The dilatometric behavior of T-SDC20 (Figure 7(b)) is quite similar to that reported for U-SDC20, both powders showing a “double-shrinkage” curve. Nevertheless, T-SDC20 presents a first shrinkage much larger than that observed in the specimen treated with urea. This is likely related to the fact that T-SDC20 powder was not well crystallized after calcination. Therefore, upon heating, the crystallization of a residual amorphous phase can be pointed out increasing the magnitude of the first shrinkage event. Conversely, the second shrinkage is associated with densification phenomena.

N-SDC20 shows one main shrinkage event starting at temperatures slightly higher than the calcination one (Figure 7(a)). This is probably related to a residual densification taking place within the granules and closing the nanometric porosity. A limited second shrinkage could be pointed out at high temperature (starting from ~1450°C) when the sintering rate slightly increases. This second event is probably related to some poor intergranular densification mechanisms. The fact that the porosity between granules can be only very partially closed is coherent with the low density of N-SDC20 reported in Table 3.

4. Conclusions

Nanocrystalline 20 mol% samarium-doped ceria powders with fluorite structure were successfully synthesized in the present work by coprecipitation route using four different precipitating agents (NH3, TMAH, (NH4)2CO3, and urea) and successive calcination at 600°C for 2 h. The morphology of the produced powders is very different; the presence of hard agglomerates is undoubtedly revealed for powders obtained using ammonia and TMAH. Very different sintering behavior was also recorded on pellets realized by pressing the synthesized powders. The best densification behavior was observed for powders produced using (NH4)2CO3 while those obtained using ammonia and TMAH lead always to the presence of significant residual porosity.

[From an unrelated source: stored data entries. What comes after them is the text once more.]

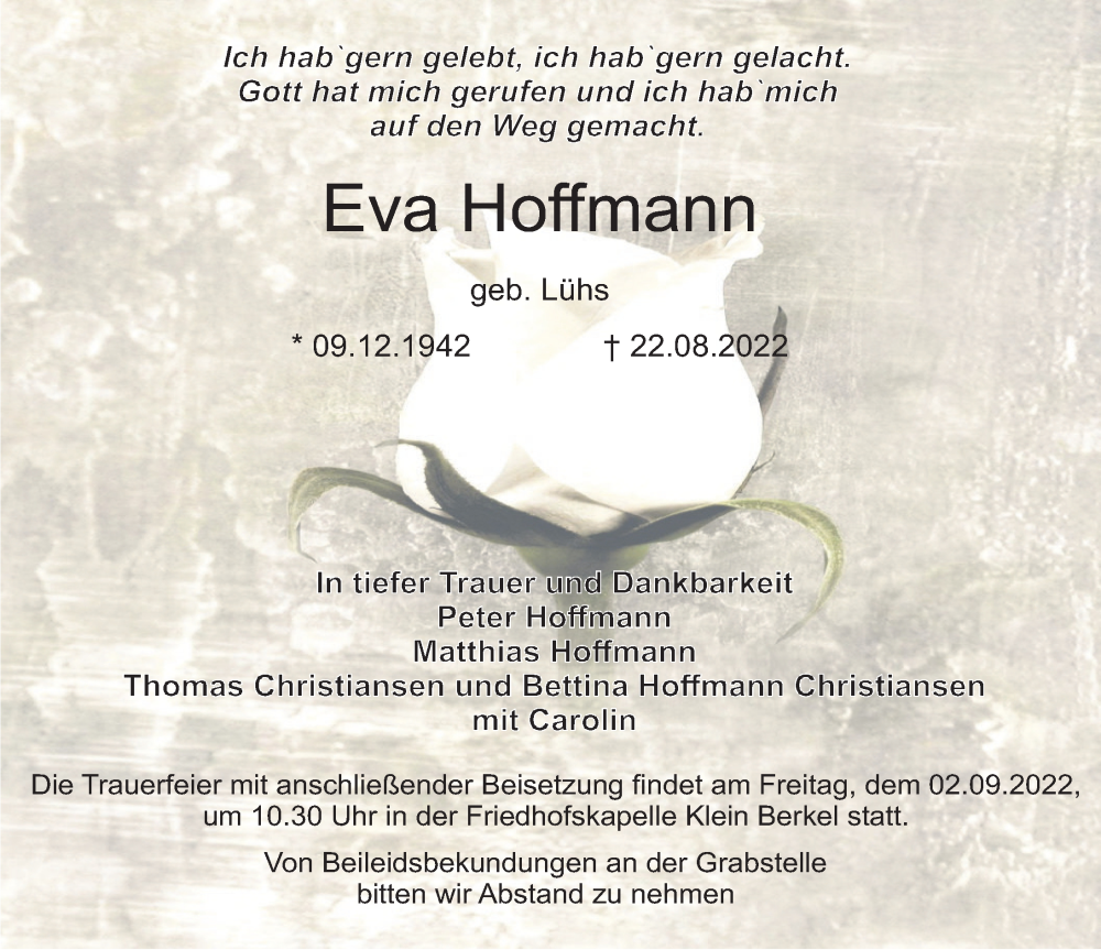 Hier finden Sie alle Traueranzeigen aus der Zeitung, die bisher für Eva Hoffmann erschienen sind. Weitere Traueranzeigen, die in der Zeitung erscheinen, werden hier ebenfalls aufgelistet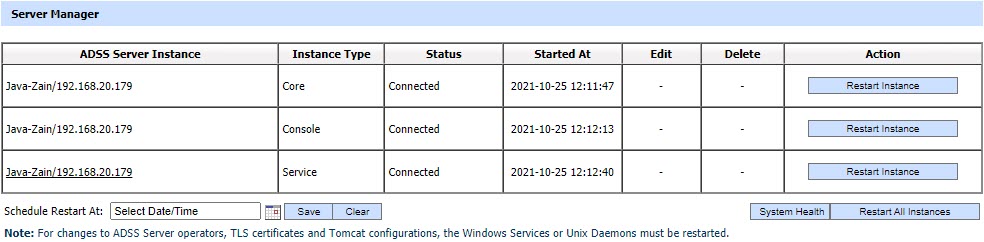 The Server Manager module provides centralized service stop and start as well as a full configuration reload functionality for all ADSS Server services, system processes, system cache and configurations. All ADSS Server instances using the same database are shown and thus it is possible to control all services on any ADSS Server instance from this control panel.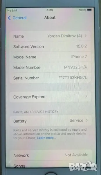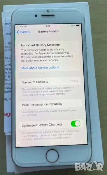 Апарата е АЙФОН 7 128ГБ СИВ/ IPhone 7 128GB SILVER и е заводски отключен към всички оператори. В перфектно техническо състояние 10/10. Визуално състояние 9/10. Подарък нов матов керамичен протектор за екрана. Ъпдейтнат с последна версия на IOS за модела. В комплект е само с кутия без зарядно, кабел и слушалки. Има документ за произход. Жизнените показатели на батерията са снимани. Предлагам и нова батерия + 25лв към цената на апарата.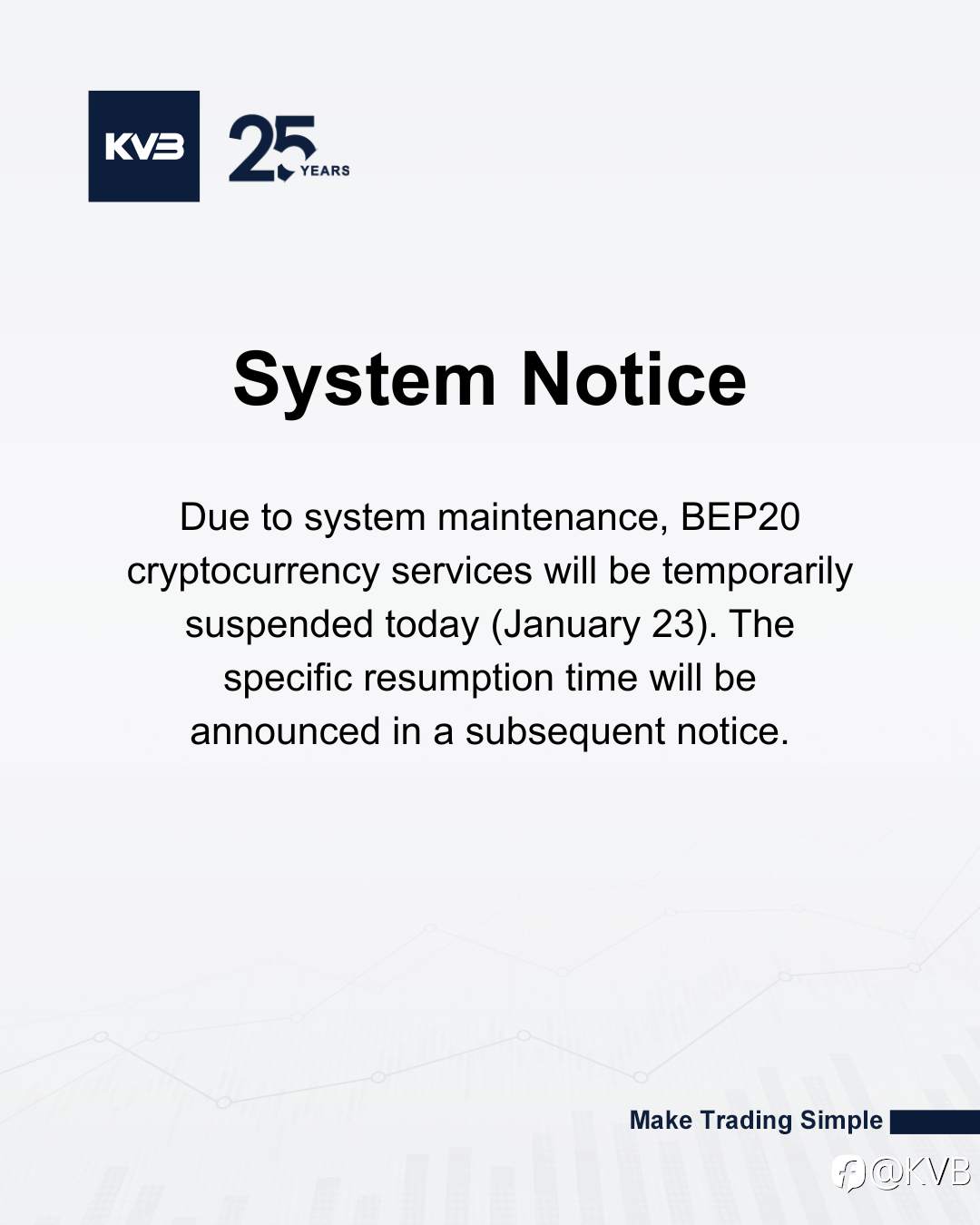 Due to system maintenance, BEP20 cryptocurrency services will be temporarily suspended today (January 23). The specific resumption time will be announced in a subsequent notice.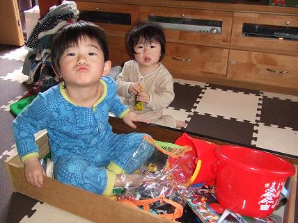 そろそろ暖かくなってきたので子供達の洋服の整理をしていたのですがたんすの引き出しがいつの間にか遊び場になっていましたこんなにおもちゃを詰め込んで・・・片付かないから返してくださ~い
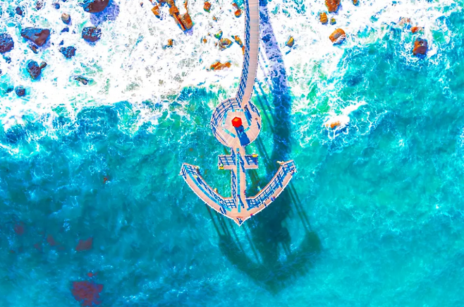 바다 위로 이어지는 102m 데크, 닻 모양에서 시작된 감성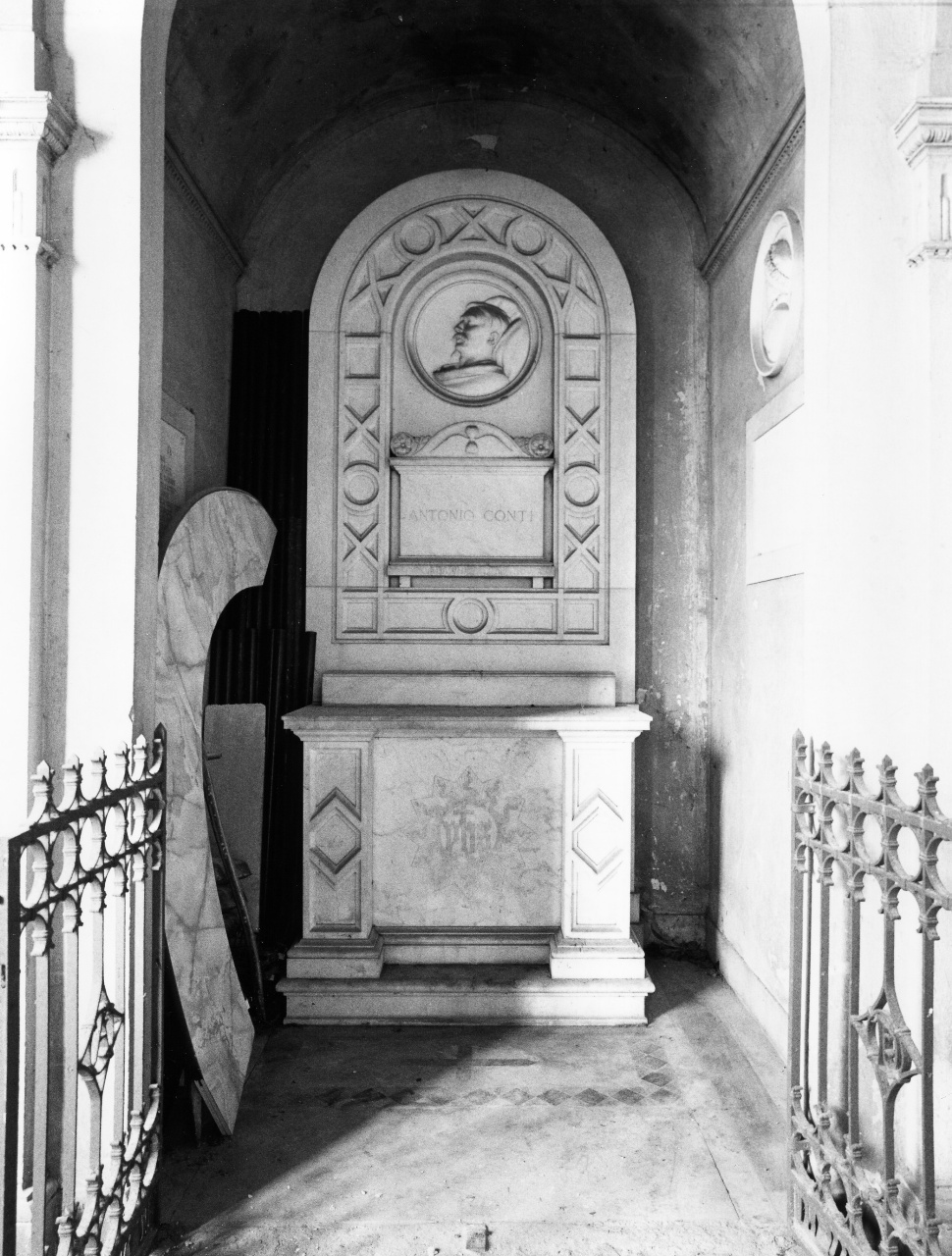 - NOTIZIE STORICO CRITICHE Non esistono notizie dettagliate sulla cappella funeraria della famiglia Conti che custodisce oltre all' edicola funeraria di Antonio Conti, anche la sepoltura di sua moglie, Ellen Astor Oxenham e la lapide posta da quest' ultima a ricordo del marito, morto nel 1884. Ad una datazione circoscritta all' ultimo quarto del XIX secolo è ascrivibile in particolare lo stile neogotico dell' altare, comune anche alla decorazione del pavimento e del cancello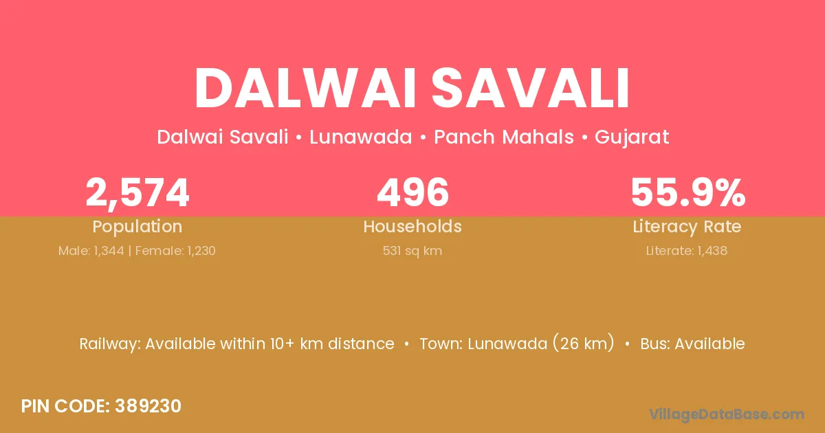 Lunawada (26 km) is the nearest town to Dalwai Savali village for major economic activities and is located approximately 26 km away.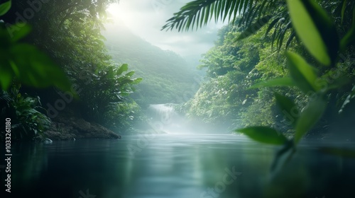 A serene, misty river flows through a lush, green jungle, illuminated by soft sunlight filtering through the leaves.
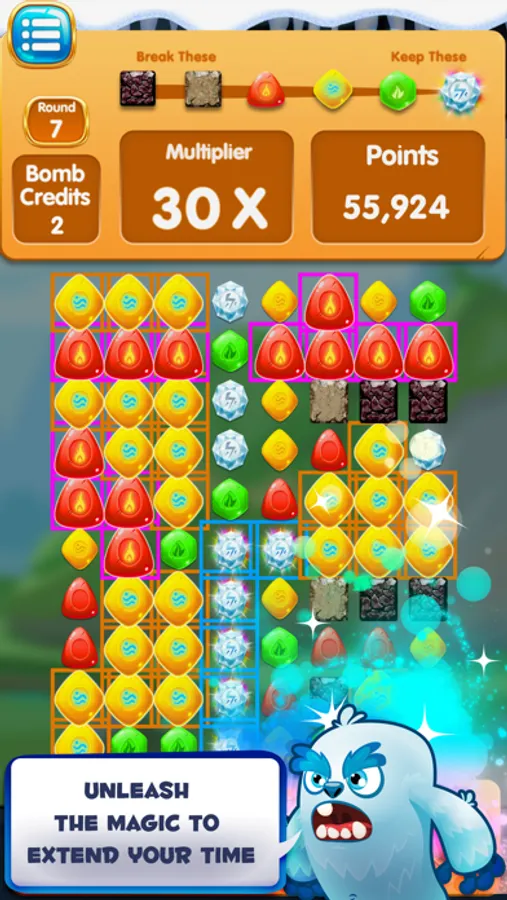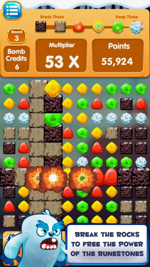 Eddie the time-bending Yeti loves shiny runestones. Boost the power of the magical runestones by destroying as many dull rocks as you can, then collect runes in groups of 3 or more to release their magic! The more magic you release, the more time the Yeti will grant to play!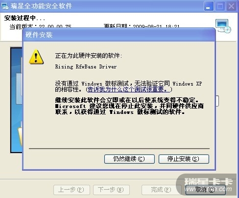 [RAV] 瑞星2010安装过程与windows xp发生冲突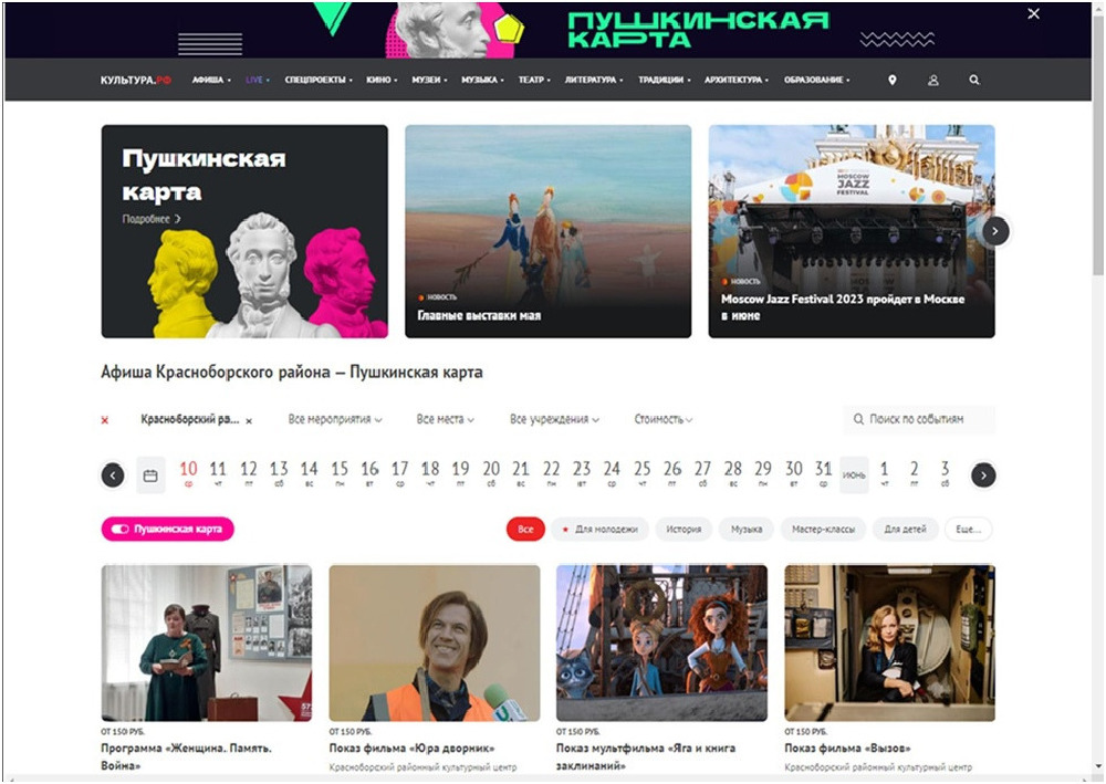 Молодые люди в возрасте от 14 до 22 лет включительно большинство фильмов могут посетить по «Пушкинской карте».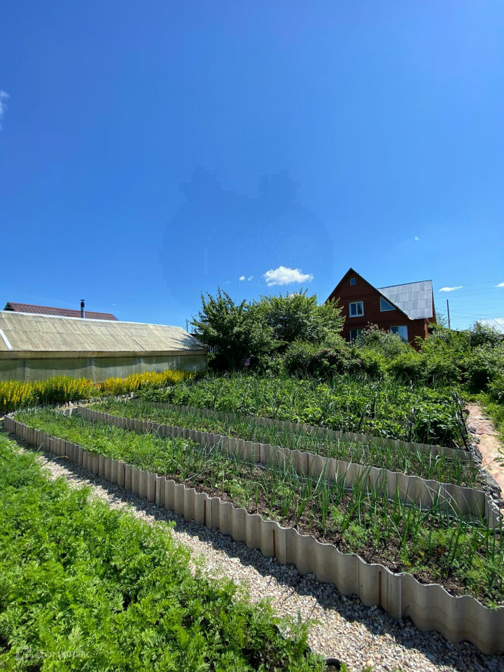 Вокруг дома большой плодоносящий сад - яблони, груши, слива,вишни, смородина, малина, жимолость, крыжовник, много цветов и кустарников, 2 производственные теплицы шириной 4 метра,где выращивают помимо огурцов и помидор - арбузы,дыни.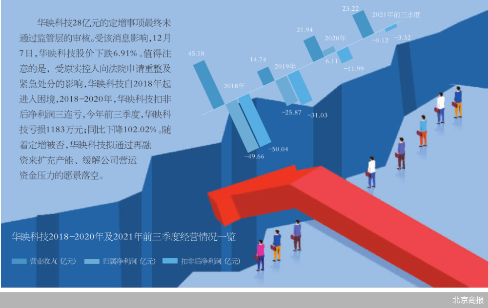 华映科技28亿元的定增事项最终未通过监管层的审核。受该消息影响,12月7日,华映科技股价下跌6.91%。值得注意的是,受原实控人向法院申请重整及紧急处分的影响,华映科技自2018年起进入困境,2018-2020年,华映科技扣非后净利润三连亏,今年前三季度,华映科技亏损1183万元;同比下降102.02%。随着定增被否,华映科技拟通过再融资来扩充产能、缓解公司营运资金压力的愿景落空。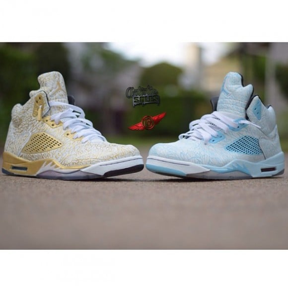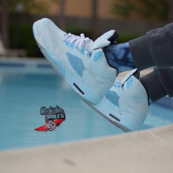 Back in March, Artistic Soles member Ceesay14 hit us with his clean pair of custom AJ12 “Legend Blue” kicks, and now we’re seeing the same theme on a different pair of Jordan classics. The Air Jordan V (5) “Legend Blue” customs by Ceesay14 see the icy color appear all over the shoes in a trendy elephant print, coupled with icy outsoles. From the lace eyelets, to the mesh midfoot panels and shark teeth rivets on the soles, legend blue dominates this sneaker top to bottom. The black lining accentuates the AJ5’s clean cut silohuette. Ceesay14 always does great work, but these babies are just top notch! Check out photos of these, and the AJ12 “Legend Blue” shoes below!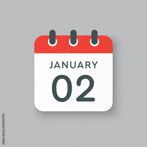 Fototapeta premium Icon day date 2 January, template calendar page
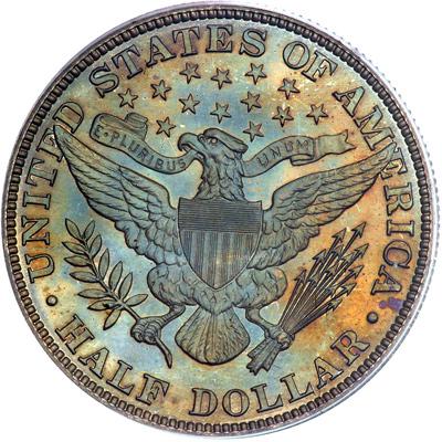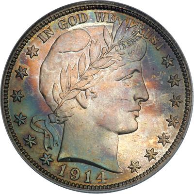 1914 Barber Half Dollar. PCGS graded Proof 67. Lovely shades of blue, green, and golden colors. Only 380 Proofs issued. A stunner! Everyone, rich or old, young or poor, even golfers with a 23-handicap, will love this coin for its superb beauty. With gleaming mirrors on both sides, the devices are highlighted by the an delightful array of original colors. This lovely Proof 67 is among the finest seen of a limited mintage of Proof 1914 half dollars. If you are assembling a Gem Proof set of Barber halves, then here is a great addition to the project, even if it means having to declare your intentions against strong competition from other bidders online, over the phone, or gripping the edges of their seats in the auction room itself. Capture a prize of this quality and it's acquisition will be the glory of any advanced collection. Pop 15; none finer at PCGS (PCGS # 6561) .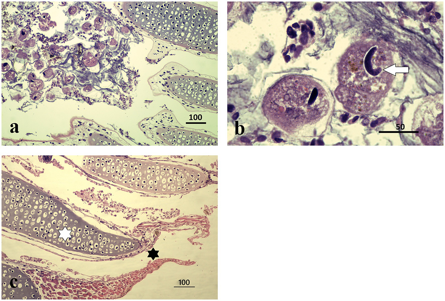 Figure 2. Histopathological features of I. multifiliis infection in S. salamandra. (a) Parasite presence in gill tissue, distributed within epithelial layers; protozoa are attached to the external cell layers without affecting the cartilaginous structure. Magnification ×100, scale bar 100 μm. (b) Close-up of a trophont, illustrating characteristic morphology and interaction with host tissue. Magnification ×1000, scale bar 50 μm. (c) Healthy gills of an individual from other locality, at the center of each gill filament lies a cartilaginous core providing structural support (white asterisk). Surrounding this core is a thin layer of epithelial cells specialized for gas exchange (black asterisk). This epithelium is primarily made up of pavement cells, ciliated cells, and mitochondria-rich cells; magnification ×100, scale bar 100 μm.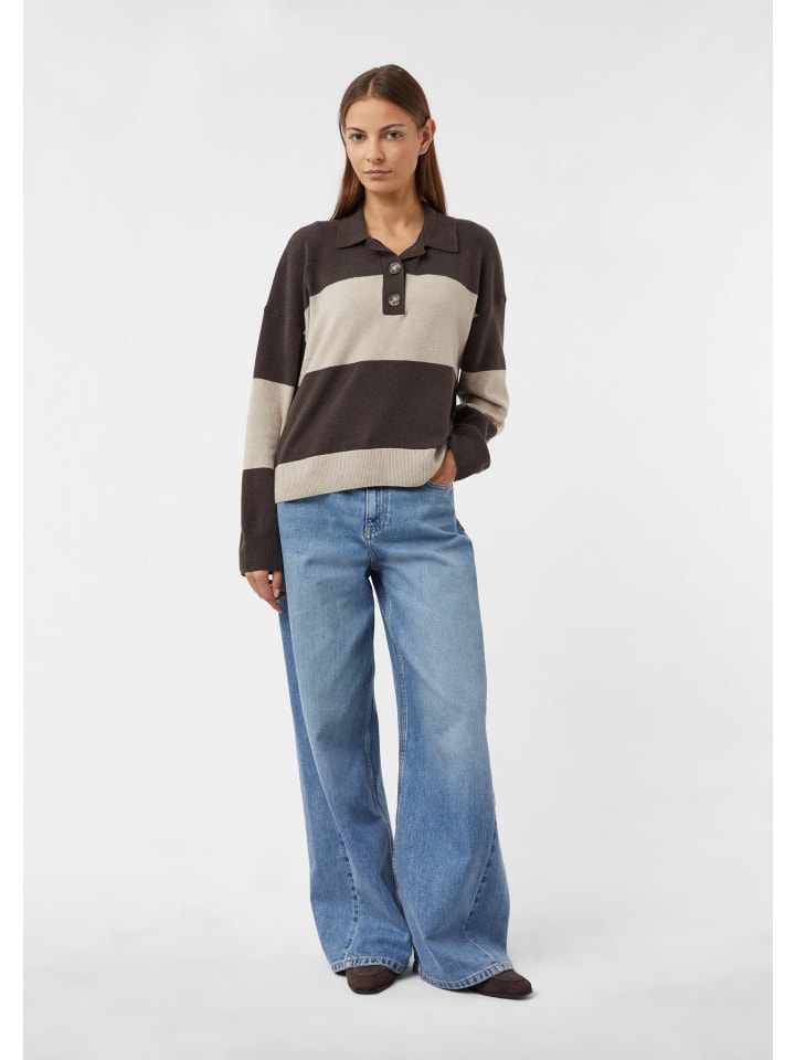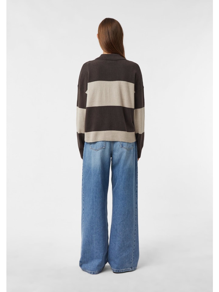 Этот элегантный трикотажный свитер, неподвластный времени, отличается свободным кроем. Мягкая хлопковая смесь и спущенные плечи гарантируют максимальный комфорт. Классический воротник-поло и нежный полосатый рисунок добавляют нотку современности. Эластичная ткань и практичные ребристые манжеты делают этот свитер универсальным аксессуаром для самых разных случаев.

According to the results obtained here, it is possible to claim that in the case of samarium-doped ceria and, in general, in ceria-based ceramics, the use of precipitating agents which favors the direct formation of crystalline fluorite ceria leads to the formation of hard agglomerates after the calcination step. Therefore, for synthesizing these materials by coprecipitation route, precipitating agents which do not favor the direct crystallization of fluorite should be chosen and those based on carbonates appear a good choice.

Competing Interests

The authors declare that they have no competing interests.